Generally, the allowed backwards compatibility breaks in minor
versions are also minor breaks. These are mostly changes in extensions
rather than the core language. This change is in the main language and
it's potentially quite a big one.
Additionally, if this RFC were to pass, we would want extra time to
revisit the casing of suspect items for the same version. For example,
Pdo
vs PDO
. There's just not enough time for PHP 8.4 to do this.
Levi, if we bundle namespaces, classes and functions in a single change, will that be easier to implement? Basically to remove lowercasing and put the original type names in the lookup tables?
Yes, doing it all in one pass is easier to implement, and would
provide minor CPU and memory improvements.
Hi, Ben and Levi!

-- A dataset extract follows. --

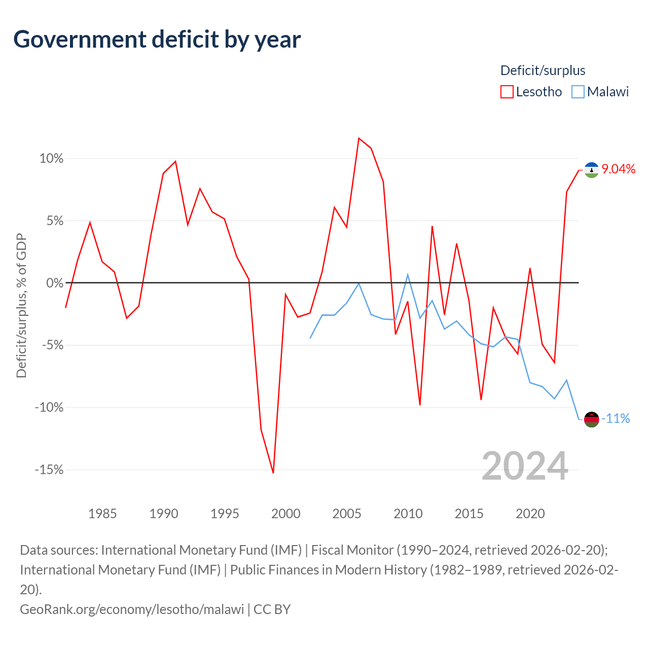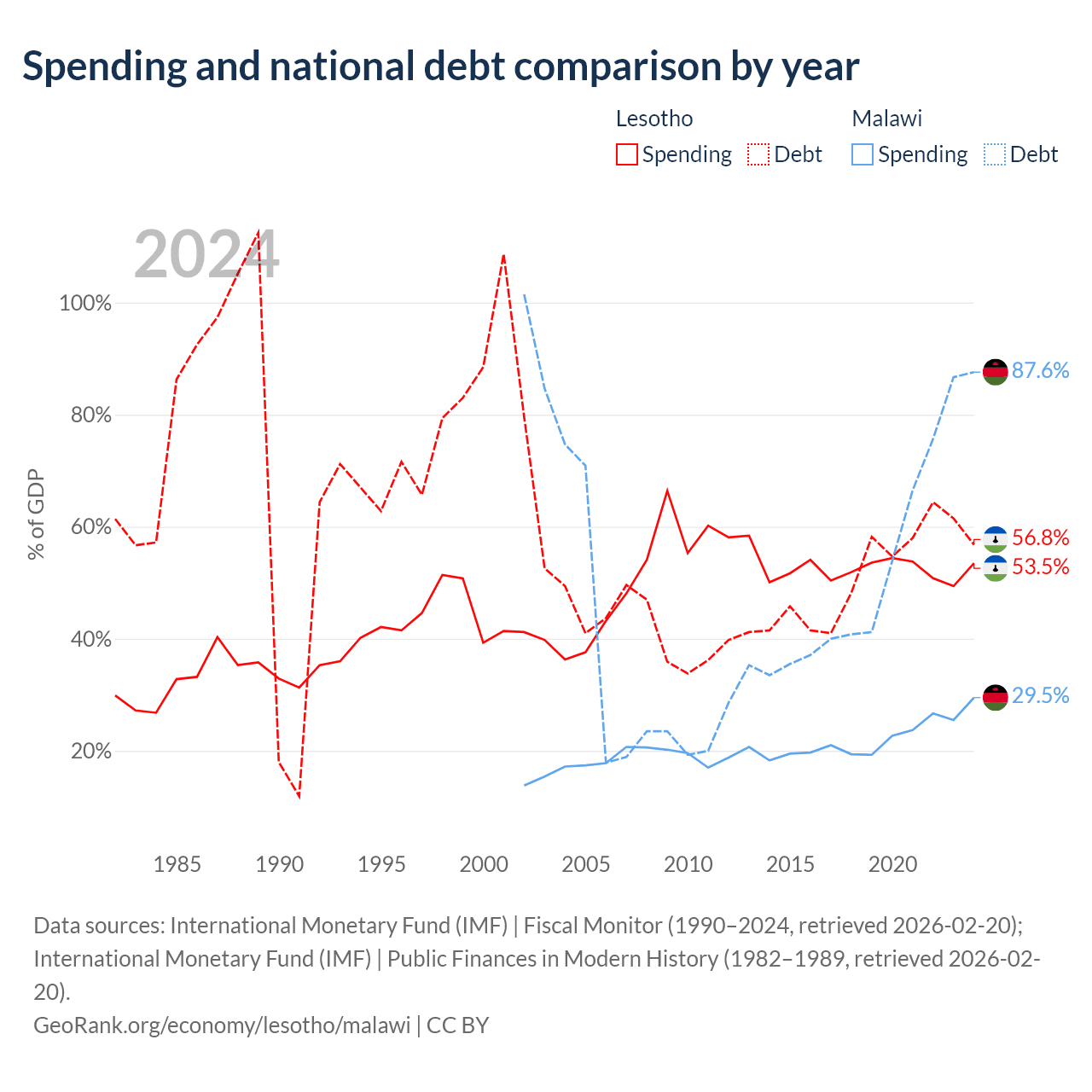 Lesotho has $1.29B in government debt (56.8% of GDP), compared to $9.91B (87.6% of GDP) in Malawi.

Thank you for your interest!
Could you, please, elaborate on why you propose to target 9.0? That would make perfect sense if PHP strictly followed semver, but we always have some BC breaks in minor releases (https://www.php.net/manual/en/migration82.incompatible.php, https://www.php.net/manual/en/migration83.incompatible.php). So, is there a real difference between 8.4 and 9.0 for this case? Or do you mean that this BC break is way too big for 8.4?

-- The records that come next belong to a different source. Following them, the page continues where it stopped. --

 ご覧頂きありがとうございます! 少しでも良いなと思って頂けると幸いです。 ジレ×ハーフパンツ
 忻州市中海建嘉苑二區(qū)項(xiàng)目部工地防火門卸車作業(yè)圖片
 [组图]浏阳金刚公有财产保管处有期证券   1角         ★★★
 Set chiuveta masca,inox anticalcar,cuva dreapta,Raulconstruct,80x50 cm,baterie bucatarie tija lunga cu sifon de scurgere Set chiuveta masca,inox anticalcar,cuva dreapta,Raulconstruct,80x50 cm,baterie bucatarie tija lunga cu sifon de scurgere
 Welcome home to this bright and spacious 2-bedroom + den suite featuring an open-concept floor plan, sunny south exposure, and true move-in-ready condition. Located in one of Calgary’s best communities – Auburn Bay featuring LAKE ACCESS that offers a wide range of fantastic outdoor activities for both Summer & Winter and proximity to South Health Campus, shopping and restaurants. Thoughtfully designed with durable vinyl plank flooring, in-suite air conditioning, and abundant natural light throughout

Levi, if we bundle namespaces, classes and functions in a single change, will that be easier to implement? Basically to remove lowercasing and put the original type names in the lookup tables?
While we do make backwards incompatible breaks in minor PHP version (and we have done since the beginning of time, I checked last time this argument came up) we do keep them to a minimum and to be "small" BC breaks, the judgement of what "small" means is fuzzy.

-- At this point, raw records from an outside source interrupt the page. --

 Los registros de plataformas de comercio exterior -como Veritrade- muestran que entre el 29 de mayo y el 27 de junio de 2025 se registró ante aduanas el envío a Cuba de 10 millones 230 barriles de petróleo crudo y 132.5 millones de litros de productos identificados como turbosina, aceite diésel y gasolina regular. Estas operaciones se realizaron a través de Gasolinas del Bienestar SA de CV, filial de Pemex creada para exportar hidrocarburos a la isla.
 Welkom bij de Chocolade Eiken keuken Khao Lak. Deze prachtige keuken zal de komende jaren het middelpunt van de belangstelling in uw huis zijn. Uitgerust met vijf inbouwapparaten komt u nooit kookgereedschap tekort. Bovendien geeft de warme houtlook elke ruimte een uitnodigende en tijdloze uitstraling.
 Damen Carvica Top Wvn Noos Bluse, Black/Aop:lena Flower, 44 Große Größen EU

Plenty of us thought converting resources to opaque object was "small" but others disagreed.
And I agree with Levi here, I am in favour of this change, but I don't think it should land in a minor.
For PHP the namespace is just a prefix to any symbol to be able to distinguish them, and namespaces are already canonicalized to be lowercase, this has been an issue when trying to remove the memory footprint of constants, as the casing of namespace was lost. [1][2][3]
Indeed you can access a namespace constant with two different casing in the namespace. [4]
One difficulty is that checking the casing at runtime for all classes/functions to check if they are conformant would likely lead to a big performance degradation.
It might be possible to check some of these things at compile time (well at least for functions) if the class/function is already available in the symbol table.
Best regards,
Gina P. Banyard
[1] https://github.com/php/php-src/pull/10954
[2] https://github.com/php/php-src/issues/11423
Would this affect unserialize()
?
I ask because MediaWiki's main "text" database table is an
immutable/append-only store where we store the text of each page revision
since ~2004. It is stored as serialised blobs of a value class. There have
been a number of different implementations over the past twenty years of
Wikipedia's existence (plain text, gzip-compressed, diff-compressed, etc.).
When we adopted modern autoloading in MediaWiki, we quickly found that
blobs originally serialized by PHP 4 actually encoded the class in
lowercase, regardless of the casing in source code.
From https://3v4l.org/jl0et:
class ConcatenatedGzipHistoryBlob {…}
print serialize($blob);PHP 4.x: O:27:"concatenatedgziphistoryblob":…
PHP 5/7/8: O:27:"ConcatenatedGzipHistoryBlob":…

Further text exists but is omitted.